Records from a data collection
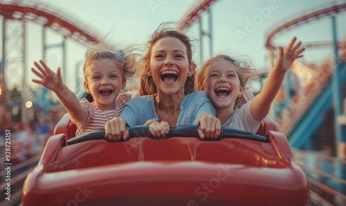 Mother and two children family riding a rollercoaster at an amusement park experiencing excitement, joy, laughter, and fun, Generative AI
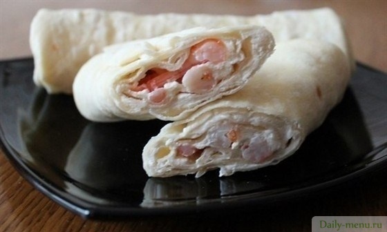 лаваш армянский, тонкий, сыр ламбер сливочный, креветки очищенные
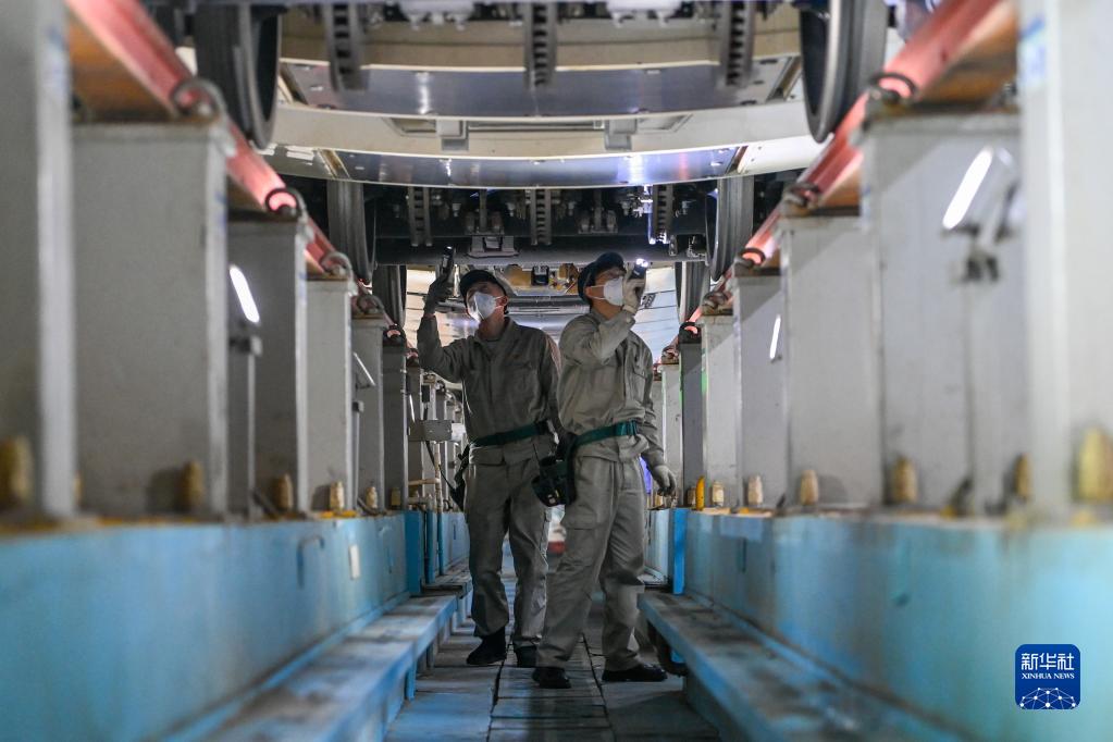 1月14日晚,在烏魯木齊車(chē)輛段動(dòng)車(chē)組運用所,機械師對動(dòng)車(chē)組車(chē)底進(jìn)行檢查。
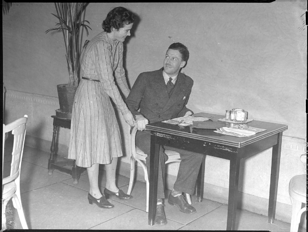 Peggy Lamb et Drummond Smith à l'intérieur du café de l'Hôtel Mount Royal, situé à l'angle des rues Sainte-Catherine Ouest et Peel
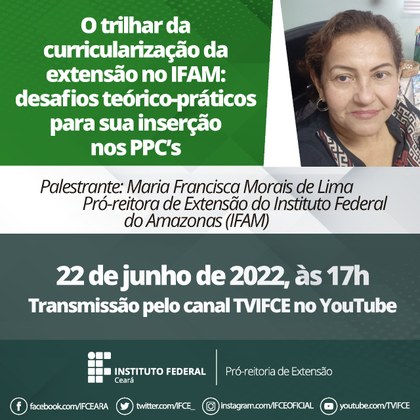 Gravação da palestra da Profa. Maria Francisca Morais de Lima - Gravação da Sexta Trilha de Aprendizagem para a Curricularização da Extensão no IFCE: O Trilhar da Curricularização da Extensão no IFAM - Desafios Teórico-Práticos para sua Inserção nos PPC's.
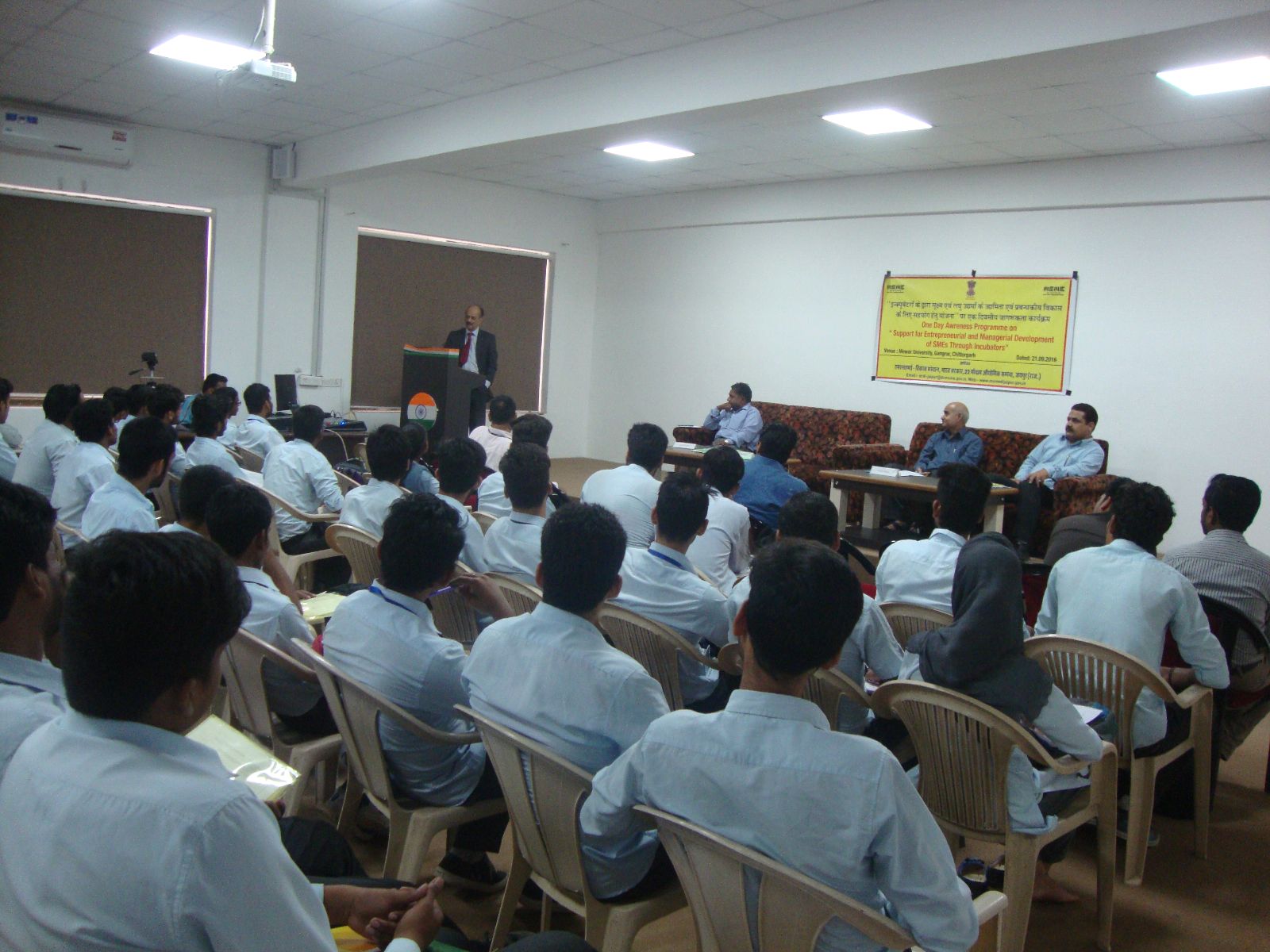 Ministry of Micro, Small &Medium Enterprises (MSME) has conducted a one day program on “Support for Entrepreneurial and Managerial development of SME's through Incubators" under NMCP Scheme at Mewar University on 21St September 2016. In this program Dr. Sushil Kumar, Assistant Director & Shri M.K. Meena, Deputy-Director, MSME-DI, Jaipur have presented their views on how to become an entrepreneur and what are the schemes of government of India to help the young entrepreneur. Also they told that MSME will set up an Incubation Centre in Mewar University for helping the innovative ideas. Prof. Ashish Shah, Pro-Vice Chancellor, Mewar University, discussed the steps taken by Mewar University for the development of entrepreneurship skills in the students of our university. Mr. Harish Gurnani, Director Training & Placement, also addressed the session. Mr. Kapil Nahar, HOD-Mechanical and Mr. V. Shiva, HOD-Electrical coordinated the session. More than 60 students were present in the session.
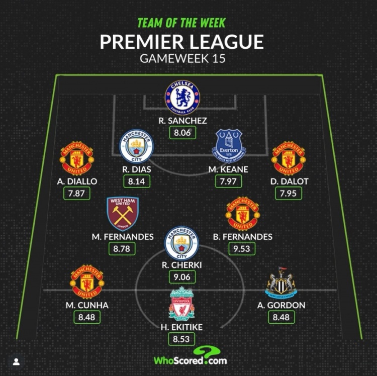 直播吧12月9日讯英超第15轮战罢,whoscored评选出本轮最佳阵容,埃基蒂克、库尼亚领衔锋线、谢尔基、B费坐镇中场。
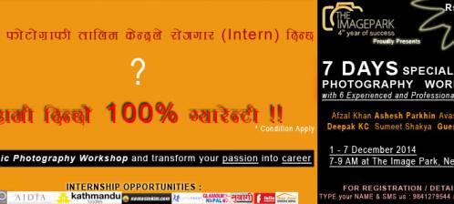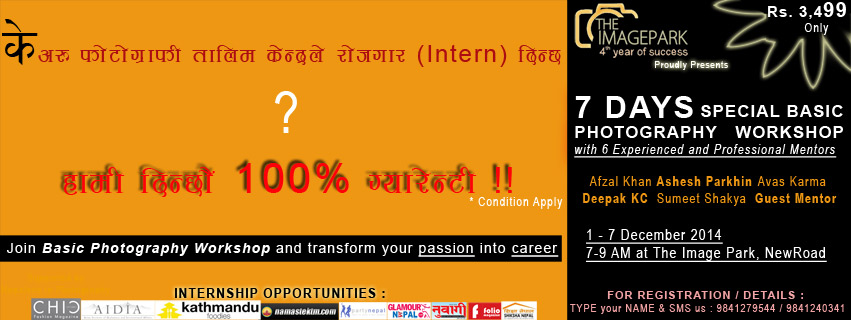 The Image Park presents 7 Days SPECIAL BASIC PHOTOGRAPHY workshop to carter at every level of participants, whether you are a student, photography enthusiasts or interested in pursuing a career in photograph
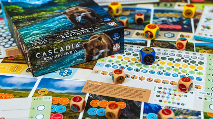 Ta zatím přínáší dvojici titulů Cascadia: Rolling Rivers a Cascadia: Rolling Hills. Oba vytvořili dvorní tvůrci, tedy návrhář Randy Flynn, jehož na pozici ilustrátorky doplňuje expertka na přírodní tematiku – Beth Sobel. Společnými silami hráčům chtějí nabídnout flip-and-roll-and-write výpravu, která vás provede říčním prostředím pacifického severozápadu, případně rozlehlými prériemi.
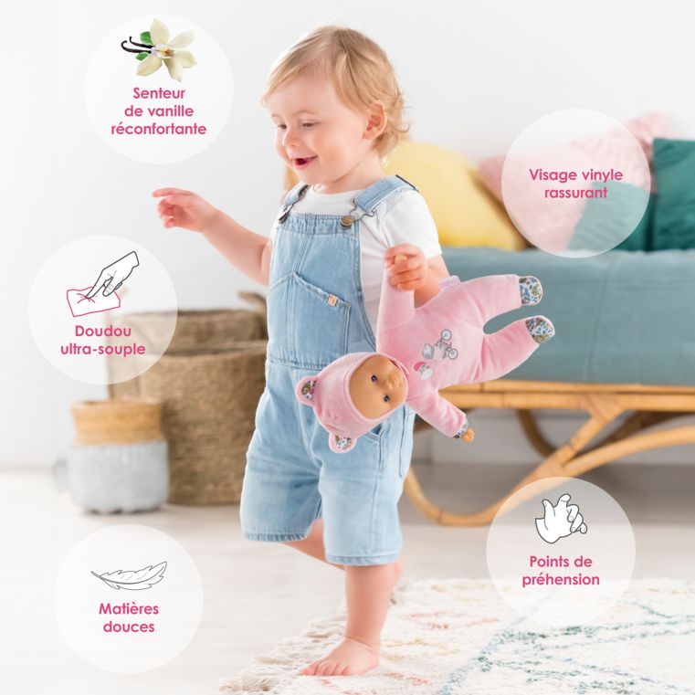 Son corps souple sans billes est léger et facile à saisir. Sa tête et ses mains, à la délicate senteur de vanille, sont en vinyle doux au toucher. Sa toile de corps est douce pour l'éveil des sens. Elle est non amovible.
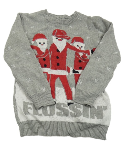 Sivý sveter s vločkami a Santou
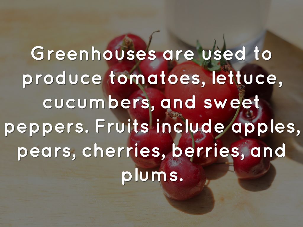 Greenhouses are used to produce tomatoes, lettuce, cucumbers, and sweet peppers. Fruits include apples, pears, cherries, berries, and plums.
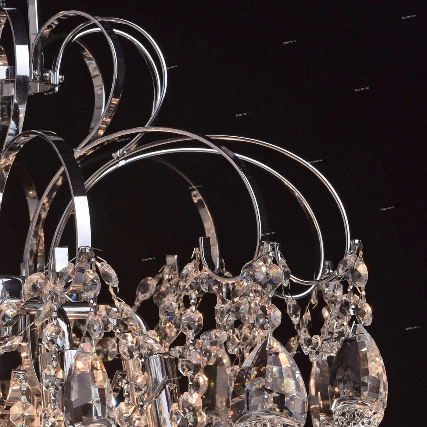 Люстра потолочная хрустальная 464017106 из серии Бриз от компании De City устанавливается на монтажную пластину. Классическая люстра украшена хрусталем и прекрасно подойдет в качестве источника основного света для прихожей и коридора, кафе, кухни, оформленных в стиле арт-деко. Основной цвет модели - хром, материал арматуры - металл. Люстра имеет 1 декоративный плафон. Модель оснащена цоколем E14, имеет 6 лампочек с общей мощностью 360W и напряжением 220V. Светильник поддерживает подключение диммера. Габариты: диаметр - 500 мм. Лучшая цена и условия доставки на De City 464017106 в интернет-магазине Fedomo.ru.
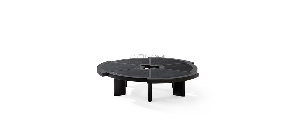 Attualmente disponibile in una sola misura, il tavolino Rio fu inizialmente ideato dalla Perriand in due diverse dimensioni. Tra il 1962, anno di progettazione, e il 1967 l’autrice adattò il modello e ne ampliò il volume per la versione destinata all’Ambasciata del Giappone a Parigi. La sua bellezza inconsueta e la sua grande funzionalità lo rendono una vera e propria opera di decoro, caratterizzata da sei spicchi di diverso raggio, accostati ma sfalsati, che creano un bordo esterno in massello articolato e un foro centrale concepito come centro di gravità spaziale. Cassina riedita il modello originale del 1962, riproducendolo nella forma originale grazie alla straordinaria capacità manuale degli artigiani di Meda.
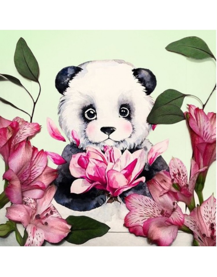 WD2341 Diamond Painting Haft diamentowy Panda i kwiaty 38 x 38 cm
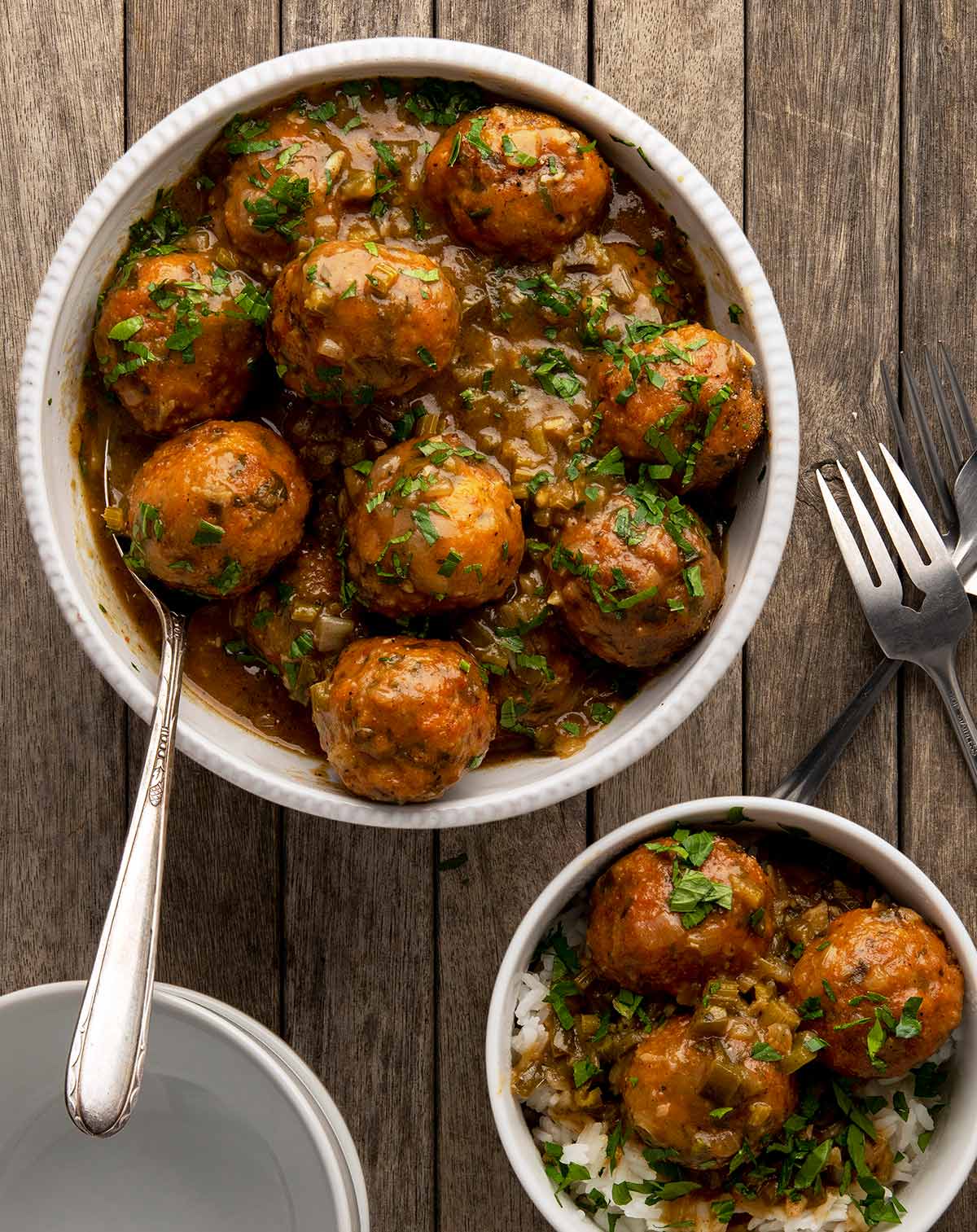 Serve gar balls with white rice garnished with green onions or parsley. You could cut them in half and serve in a Louisiana po’boy sandwich, too.
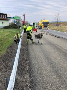 Na silnici I/4 mezi Chrašticemi a hranicí kraje provádíme opravu vozovky a odvodnění souběžně ve dvou úsecích o celkové délce 2 kilometry. V každém z nich aktuálně dokončujeme pokládku nové obrusné vrstvy vozovky. V průběhu dnešního odpoledne a sobotní dopoledne dokončíme instalaci zádržného systému a 23.4.2022 v průběhu odpoledních hodin umožníme již provoz v režimu 1+1. Do pondělního rána 25.4.2022 se v těchto rozpracovaných úsecích bude jezdit obousměrně v rámci průjezdu stavbou s omezenou rychlostí 50 km/h. Kyvadlová doprava se do těchto míst opět postupně vrátí po 06:00 hod. Následně se rozběhne frézování starých konstrukčních vrstev v druhé doposud neopravené polovině vozovek.
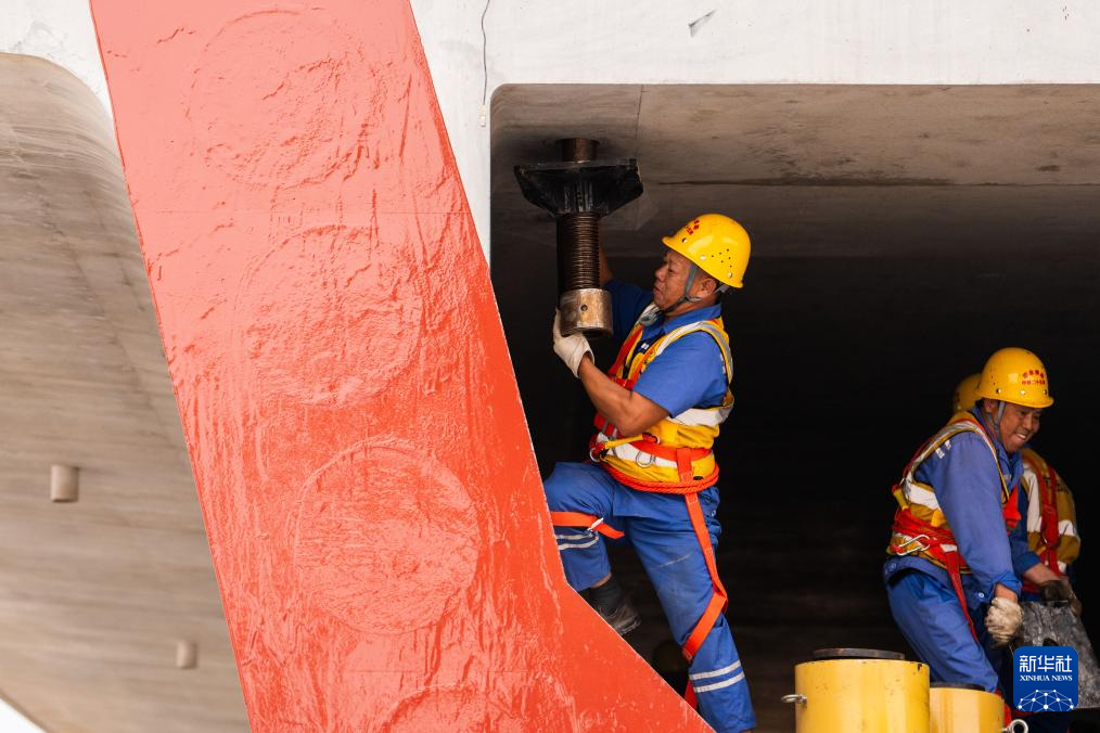 10月13日,中鐵二十五局工人在邵永高鐵跨蘆洪江特大橋架梁施工現場作業。新華社記者 陳思汗 攝
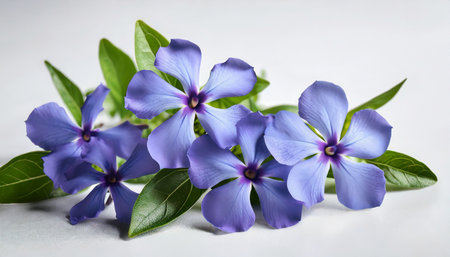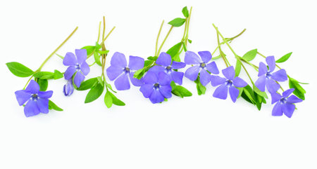 Flowers composition, copy space. Periwinkle flowers isolated on white background. Vinca minor.

# The task
Every entry above needs to be duplicated exactly, without its images.

# Result
 Mother and two children family riding a rollercoaster at an amusement park experiencing excitement, joy, laughter, and fun, Generative AI
 лаваш армянский, тонкий, сыр ламбер сливочный, креветки очищенные
 1月14日晚,在烏魯木齊車(chē)輛段動(dòng)車(chē)組運用所,機械師對動(dòng)車(chē)組車(chē)底進(jìn)行檢查。
 Peggy Lamb et Drummond Smith à l'intérieur du café de l'Hôtel Mount Royal, situé à l'angle des rues Sainte-Catherine Ouest et Peel
 Gravação da palestra da Profa. Maria Francisca Morais de Lima - Gravação da Sexta Trilha de Aprendizagem para a Curricularização da Extensão no IFCE: O Trilhar da Curricularização da Extensão no IFAM - Desafios Teórico-Práticos para sua Inserção nos PPC's.
 Ministry of Micro, Small &Medium Enterprises (MSME) has conducted a one day program on “Support for Entrepreneurial and Managerial development of SME's through Incubators" under NMCP Scheme at Mewar University on 21St September 2016. In this program Dr. Sushil Kumar, Assistant Director & Shri M.K. Meena, Deputy-Director, MSME-DI, Jaipur have presented their views on how to become an entrepreneur and what are the schemes of government of India to help the young entrepreneur. Also they told that MSME will set up an Incubation Centre in Mewar University for helping the innovative ideas. Prof. Ashish Shah, Pro-Vice Chancellor, Mewar University, discussed the steps taken by Mewar University for the development of entrepreneurship skills in the students of our university. Mr. Harish Gurnani, Director Training & Placement, also addressed the session. Mr. Kapil Nahar, HOD-Mechanical and Mr. V. Shiva, HOD-Electrical coordinated the session. More than 60 students were present in the session.
 直播吧12月9日讯英超第15轮战罢,whoscored评选出本轮最佳阵容,埃基蒂克、库尼亚领衔锋线、谢尔基、B费坐镇中场。
 The Image Park presents 7 Days SPECIAL BASIC PHOTOGRAPHY workshop to carter at every level of participants, whether you are a student, photography enthusiasts or interested in pursuing a career in photograph
 Ta zatím přínáší dvojici titulů Cascadia: Rolling Rivers a Cascadia: Rolling Hills. Oba vytvořili dvorní tvůrci, tedy návrhář Randy Flynn, jehož na pozici ilustrátorky doplňuje expertka na přírodní tematiku – Beth Sobel. Společnými silami hráčům chtějí nabídnout flip-and-roll-and-write výpravu, která vás provede říčním prostředím pacifického severozápadu, případně rozlehlými prériemi.
 Son corps souple sans billes est léger et facile à saisir. Sa tête et ses mains, à la délicate senteur de vanille, sont en vinyle doux au toucher. Sa toile de corps est douce pour l'éveil des sens. Elle est non amovible.
 Sivý sveter s vločkami a Santou
 Greenhouses are used to produce tomatoes, lettuce, cucumbers, and sweet peppers. Fruits include apples, pears, cherries, berries, and plums.
 Люстра потолочная хрустальная 464017106 из серии Бриз от компании De City устанавливается на монтажную пластину. Классическая люстра украшена хрусталем и прекрасно подойдет в качестве источника основного света для прихожей и коридора, кафе, кухни, оформленных в стиле арт-деко. Основной цвет модели - хром, материал арматуры - металл. Люстра имеет 1 декоративный плафон. Модель оснащена цоколем E14, имеет 6 лампочек с общей мощностью 360W и напряжением 220V. Светильник поддерживает подключение диммера. Габариты: диаметр - 500 мм. Лучшая цена и условия доставки на De City 464017106 в интернет-магазине Fedomo.ru.
 Attualmente disponibile in una sola misura, il tavolino Rio fu inizialmente ideato dalla Perriand in due diverse dimensioni. Tra il 1962, anno di progettazione, e il 1967 l’autrice adattò il modello e ne ampliò il volume per la versione destinata all’Ambasciata del Giappone a Parigi. La sua bellezza inconsueta e la sua grande funzionalità lo rendono una vera e propria opera di decoro, caratterizzata da sei spicchi di diverso raggio, accostati ma sfalsati, che creano un bordo esterno in massello articolato e un foro centrale concepito come centro di gravità spaziale. Cassina riedita il modello originale del 1962, riproducendolo nella forma originale grazie alla straordinaria capacità manuale degli artigiani di Meda.
 WD2341 Diamond Painting Haft diamentowy Panda i kwiaty 38 x 38 cm
 Serve gar balls with white rice garnished with green onions or parsley. You could cut them in half and serve in a Louisiana po’boy sandwich, too.
 Na silnici I/4 mezi Chrašticemi a hranicí kraje provádíme opravu vozovky a odvodnění souběžně ve dvou úsecích o celkové délce 2 kilometry. V každém z nich aktuálně dokončujeme pokládku nové obrusné vrstvy vozovky. V průběhu dnešního odpoledne a sobotní dopoledne dokončíme instalaci zádržného systému a 23.4.2022 v průběhu odpoledních hodin umožníme již provoz v režimu 1+1. Do pondělního rána 25.4.2022 se v těchto rozpracovaných úsecích bude jezdit obousměrně v rámci průjezdu stavbou s omezenou rychlostí 50 km/h. Kyvadlová doprava se do těchto míst opět postupně vrátí po 06:00 hod. Následně se rozběhne frézování starých konstrukčních vrstev v druhé doposud neopravené polovině vozovek.
 10月13日,中鐵二十五局工人在邵永高鐵跨蘆洪江特大橋架梁施工現場作業。新華社記者 陳思汗 攝
 Flowers composition, copy space. Periwinkle flowers isolated on white background. Vinca minor.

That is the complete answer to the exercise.